What Are Short-Term Bank Notes?

What Are Short-Term Bank Notes? thumbnail
Clothing stores often use short-term bank notes to buy seasonal inventory.

A short-term bank note is simply a short-term loan made at a bank. Use of the term "note" rather than "loan" is common when referring to the loan document itself or when describing a bank's holdings.

  1. Definition of Notes

    • According to "Standard and Poor's Dictionary of Financial Terms," a note is simply a promise to repay a debt on or before a certain date and to pay interest during the period of the loan. A familiar example is a U.S. Treasury note, where the U.S. government promises to pay the holder the principal plus interest according to a predetermined schedule.

    Short Term

    • In the context of bank notes, short term refers to any period of less than a year.
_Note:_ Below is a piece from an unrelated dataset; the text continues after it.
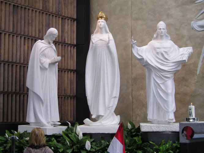 A látnokok leírása szerint Szent József és Szent János állt Mária mellett

Short-term business notes have a 90-day period. In other contexts, the term can have different meanings. For example, in bond markets the term refers to a period of two years.

    Commercial Uses

    • Short-term bank notes are a common mechanism for providing stability in industries with seasonal cycles. For example, in "Commercial Lending," author George E. Ruth describes how a hardware store might use a short-term bank note to buy seasonal merchandise, like lawn mowers.

    Certificates of Deposit

    • A certificate of deposit, or CD, is also considered a short-term bank note. In this case, however, you are loaning money to the bank, who promises to repay the amount plus interest.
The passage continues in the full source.